Quantitative Baseline
| Factor | Display | Continuous | Confidence | Key Metric |
|---|---|---|---|---|
| Food | 2/5 | 24.2 | VERIFIED | Water stress (4.981) |
| Energy | 5/5 | 100.0 | PARTIAL | Energy production/consumption ratio (2.782) |
| Technology | 3/5 | 48.7 | VERIFIED | Economic complexity index (0.499) |
| Demographics | 5/5 | 94.5 | VERIFIED | Working-age ratio (0.731) |
| Security | 2/5 | 35.5 | PARTIAL | Military expenditure (% GDP) (7.298) |
Five Factor Analysis fits Saudi Arabia very well because the country is defined by asymmetry. The framework makes it impossible to hide behind GDP or sovereign wealth alone. It shows a state that is extraordinary on energy, genuinely favorable on demographics, but still structurally weak in food and more exposed in security than spending figures suggest.
The biggest strength of the framework here is that it separates rents from resilience. Saudi Arabia can pay for imports, military systems, and infrastructure. But the matrix asks whether those advantages would remain durable under system stress.
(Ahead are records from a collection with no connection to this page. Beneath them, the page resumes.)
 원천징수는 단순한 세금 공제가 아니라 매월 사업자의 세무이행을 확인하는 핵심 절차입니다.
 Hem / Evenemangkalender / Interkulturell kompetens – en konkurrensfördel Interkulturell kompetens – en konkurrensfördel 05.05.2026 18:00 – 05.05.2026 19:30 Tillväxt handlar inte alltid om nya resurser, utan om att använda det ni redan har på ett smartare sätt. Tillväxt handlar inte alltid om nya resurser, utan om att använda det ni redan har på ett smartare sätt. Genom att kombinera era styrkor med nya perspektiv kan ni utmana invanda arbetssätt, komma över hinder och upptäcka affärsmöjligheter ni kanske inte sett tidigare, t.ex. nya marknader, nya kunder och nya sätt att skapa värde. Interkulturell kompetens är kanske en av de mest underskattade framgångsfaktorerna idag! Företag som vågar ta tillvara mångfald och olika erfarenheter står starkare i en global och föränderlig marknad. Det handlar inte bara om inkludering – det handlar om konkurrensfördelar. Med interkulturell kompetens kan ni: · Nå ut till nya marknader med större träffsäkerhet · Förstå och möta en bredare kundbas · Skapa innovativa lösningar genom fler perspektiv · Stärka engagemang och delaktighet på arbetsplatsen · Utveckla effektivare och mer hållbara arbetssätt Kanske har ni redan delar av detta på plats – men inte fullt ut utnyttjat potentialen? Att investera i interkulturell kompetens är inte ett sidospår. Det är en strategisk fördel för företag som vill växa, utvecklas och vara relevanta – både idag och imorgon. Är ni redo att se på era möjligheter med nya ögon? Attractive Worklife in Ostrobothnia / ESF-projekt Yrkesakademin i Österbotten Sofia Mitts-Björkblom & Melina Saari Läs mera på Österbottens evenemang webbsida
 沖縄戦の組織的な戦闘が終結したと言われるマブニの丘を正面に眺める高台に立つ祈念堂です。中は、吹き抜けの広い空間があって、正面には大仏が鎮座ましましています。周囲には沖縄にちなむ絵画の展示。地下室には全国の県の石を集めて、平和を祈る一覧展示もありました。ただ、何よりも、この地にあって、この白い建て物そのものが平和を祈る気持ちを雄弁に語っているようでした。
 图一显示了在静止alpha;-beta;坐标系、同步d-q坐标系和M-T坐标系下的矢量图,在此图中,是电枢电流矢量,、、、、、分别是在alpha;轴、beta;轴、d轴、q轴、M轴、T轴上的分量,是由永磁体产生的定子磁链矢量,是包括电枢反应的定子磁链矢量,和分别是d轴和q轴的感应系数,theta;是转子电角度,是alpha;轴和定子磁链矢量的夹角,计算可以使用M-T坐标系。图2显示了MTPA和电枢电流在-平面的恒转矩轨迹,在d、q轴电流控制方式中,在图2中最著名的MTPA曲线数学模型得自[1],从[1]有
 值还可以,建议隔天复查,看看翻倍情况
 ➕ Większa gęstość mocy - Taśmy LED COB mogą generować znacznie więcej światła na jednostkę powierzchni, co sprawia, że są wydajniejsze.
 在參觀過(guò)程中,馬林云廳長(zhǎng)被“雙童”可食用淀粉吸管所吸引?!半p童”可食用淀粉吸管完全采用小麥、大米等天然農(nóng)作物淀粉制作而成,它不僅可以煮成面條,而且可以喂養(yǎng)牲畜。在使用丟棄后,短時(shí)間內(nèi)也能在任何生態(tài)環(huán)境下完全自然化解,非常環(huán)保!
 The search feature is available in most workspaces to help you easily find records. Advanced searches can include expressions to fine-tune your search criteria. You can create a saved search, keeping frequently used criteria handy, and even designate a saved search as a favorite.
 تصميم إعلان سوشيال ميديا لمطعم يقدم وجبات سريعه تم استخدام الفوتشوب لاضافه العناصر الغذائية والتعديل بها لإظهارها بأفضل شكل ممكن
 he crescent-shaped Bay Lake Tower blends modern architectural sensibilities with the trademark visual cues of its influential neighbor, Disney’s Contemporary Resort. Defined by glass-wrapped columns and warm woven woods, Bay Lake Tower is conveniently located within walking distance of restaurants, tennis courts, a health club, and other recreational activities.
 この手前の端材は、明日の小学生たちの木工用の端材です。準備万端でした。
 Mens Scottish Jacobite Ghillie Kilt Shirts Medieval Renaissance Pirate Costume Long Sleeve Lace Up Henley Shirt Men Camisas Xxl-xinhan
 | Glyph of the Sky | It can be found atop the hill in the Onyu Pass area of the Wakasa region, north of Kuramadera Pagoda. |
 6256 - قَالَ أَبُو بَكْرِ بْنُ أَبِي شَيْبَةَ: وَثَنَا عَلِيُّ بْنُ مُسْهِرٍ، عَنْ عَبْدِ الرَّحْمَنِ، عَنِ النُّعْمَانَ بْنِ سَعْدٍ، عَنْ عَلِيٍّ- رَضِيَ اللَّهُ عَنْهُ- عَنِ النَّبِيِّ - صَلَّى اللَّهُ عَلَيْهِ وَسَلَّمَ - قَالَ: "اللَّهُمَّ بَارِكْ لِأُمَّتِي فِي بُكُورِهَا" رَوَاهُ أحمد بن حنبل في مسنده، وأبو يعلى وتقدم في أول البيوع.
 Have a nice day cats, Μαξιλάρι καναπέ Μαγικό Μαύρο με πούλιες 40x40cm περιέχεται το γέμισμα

That is exactly the right question for a hydrocarbon monarchy operating in a hard neighborhood.
The main blind spot is regime capacity. Saudi Arabia can sometimes convert state direction and capital into outcomes faster than a standard metric set would imply. That is especially true in infrastructure and selective industrial policy. Even so, the framework is directionally right: the kingdom remains more dependent on one core advantage than a fully balanced power can afford to be.